You know it is funny, two things that seem to be equally as disruptive as the internet have little to do with it. I speak of audio (say like… music) and video. It been noted countless of times that the potential of this two aspects of our understand of the world have are endless. And so there has always been this rather interesting idea to try and reflect this on the internet, why… because it can be done, which tends to reflect the way the internet encapsulates human nature in general.

So a rather small thing happen that has since ballooned into this raging debate. The small thing, the ability to embed a audio file and a video file directly on a web page. Why is this is important… it is something that we never really got with existing methods, video and audio (especially audio) has always lived in this odd cage when you want the web to be interactive mostly through plug-ins. Given that the Web standards was slowly becoming giving people the ability to have an interactive site, it was inevitable that audio and video would need to be embedded in a manner that is standardized for the sake of interaction web defined objects.
If you are lost, just think of it like this… people where slowly crying for the web to be like Flash Player, without the need of Adobe’s Flash Player to do it, with little knowledge of it. The web would be this completely interactive thing that anyone with a web browser could use and, more importantly, it would belong to no-one and everyone to implement, share and use.

The problem came with something that needed to be addressed with the addition of these tags (named <audio> and <video> respectively), the audio and video codec’s to be used with the tags as a baseline codec’s. The tags that would addressed the embedding and making the codec’s a part of the standard would give vendors a means of interoperability (a word that means many things to many people, but basically it is the means of interchange of information with little to no difference in said information between two differently programmed programs… that is my definition of it anyway). At the time, it was suggested that OGG Vorbis(along with Wave PCM [a .wav file]) and OGG Theroa would be a requirement to use the tags, on the <video> side of it someone screamed sacrilege.

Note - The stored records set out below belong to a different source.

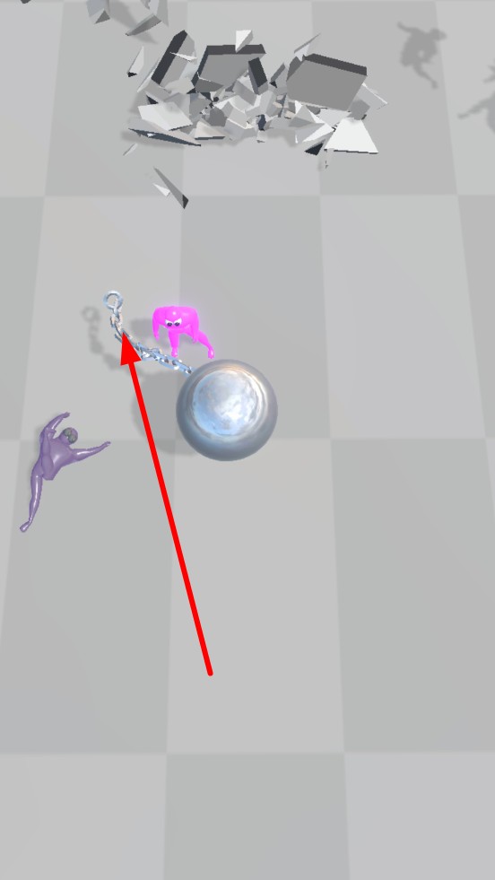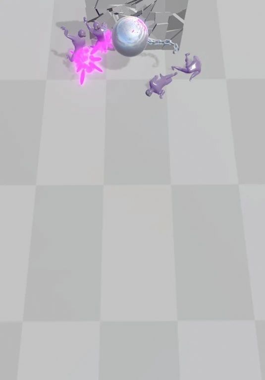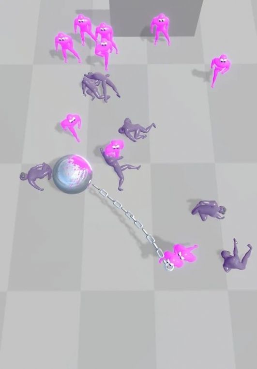 2、粉色小人被击中,会变成紫色后消失,铁球挥舞时也会击碎旁边的障碍物,带来更解压的游玩体验。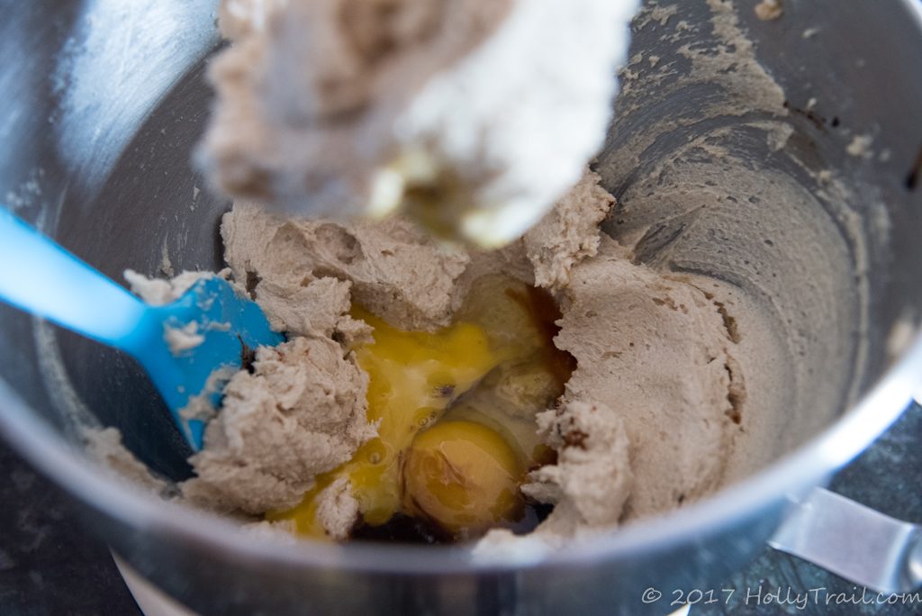 Next, I added in the eggs, dissolved coffee, and vanilla extract. I should have incorporated the eggs one at a time until emulsified and then added in the coffee and extract, but I was rushing. The dough didn’t curdle, so it worked out OK.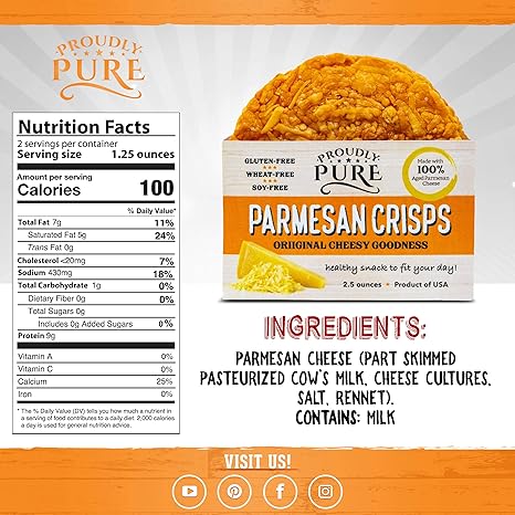Proudly Pure Parmesan Cheese Crisps Keto Snacks Zero Carb Crunchy Delicious Healthy 100 Natural Aged Cheesy Parm Chips Wheat Soy Gluten Free

Well in this case it was two companies that did, Apple Inc. and Nokia Corp. Nokia is interesting in that they did buyout an open-sourced company (namely Trolltech, which they renamed to QT Technologies) and seem to be adapting it to many of it assets to the company, and given the another Open Source assets that they do control… the fact that they raised the objection and have none nothing more is a little surprising. Apple, on the other hand, clearly has some vested interest in the manner with the iPhone(and iPod/iPod Touch) and it’s wealth in iTunes. It is an objection that they have raised for any time the subject seem to come up, and have suggested another format (namely Mpeg-4’s H.264 format, all of there devices happens to use the codec and iTunes happens to give in said codec) to become the standard in which WHATWG (and W3C by extension) should support.

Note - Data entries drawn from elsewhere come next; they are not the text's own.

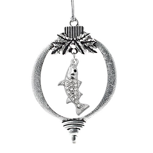 Inspired Silver - 1.5 Carat Fish Charm Charm Ornament - Silver Customized Charm Holiday Ornaments with Cubic Zirconia Jewelry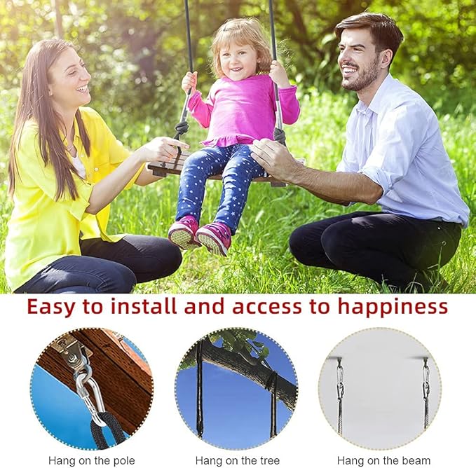 - Maximum Load 440 LBS of Carbonized Swings: High temperature carbonized material can withstand sun, wind and snow; PELLOR wood swing comes with 6.6 feet adjustable rope, galvanized metal rings and accessories, easy to hang on tree branches or beams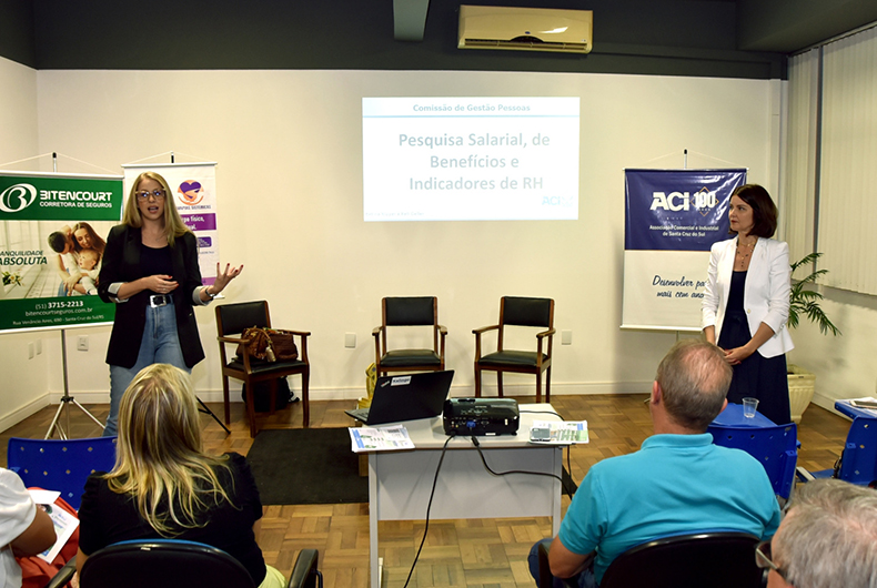 A diretora de Desenvolvimento Humano da ACI e coordenadora da Comissão de Gestão de Pessoas, Keli Geller, e a diretora de Relações do Trabalho da entidade, advogada Betina Kipper, apresentaram detalhes do projeto ao público que compareceu ao evento. Conforme a coordenadora da Comissão, por meio da pesquisa salarial será possível entender, por exemplo, como as empresas da região remuneram os empregados, levando em consideração o porte de cada organização. “Isso permite a empresa fazer um comparativo para saber como está em relação à média do mercado”, esclarece Keli.

Since then, some lines in have been drawn in the HTML5 sand… Mozilla Foundation and Opera Software ASA have thrown in OGG support (through only Mozilla has released such so far with Mozilla Firefox 3.5, Opera is reportively got it [for video- namely Theora] working in beta’s of 10), Google has gone on record to say that they will support H.264 and the OGG formats (OGG has been done, the code in in the development release of Chromium, which is the Webkit-based render used in Chome. H.264 is likely to be available only for those that use the final release of Chorme 3.0 ONLY with those that use Chromium having just OGG playback due to patent issues), Apple has continued to work with H.264 exclusively and Nokia (for now) has done and said little else since, Microsoft has not stepped into this ring but there is three likely outcomes from my POV (Silverlight [or any of there own video/audio formats] is extended to handle video/audio playback which would be the same senerio that we have currently with Flash but from a different vendor, they opt-out of <audio> and <video> completely, toss in full OGG support like Opera and Mozilla have done). The OGG formats (Vorbis and Theora) have been written out of HTML5’s spec (which is still in drafting stage) and given the technical talk around WHAT and W3C, it’s very likely that it will stay that way. But Apple’s push for H.264 never really worked, since for now… NO codec has been specified for <video> as a baseline. On the <audio> end of the debate, Vorbis has been written out and Wave PCM is the only thing suggested currently (which I don’t mine, nor to the Vendors) BUT due to Wave’s is notoriously large file size… divides over OGG Vorbis, MP4 (including the AAC formats), and MP3 will continue for something more capable… if only in the shadow of the <video> debates.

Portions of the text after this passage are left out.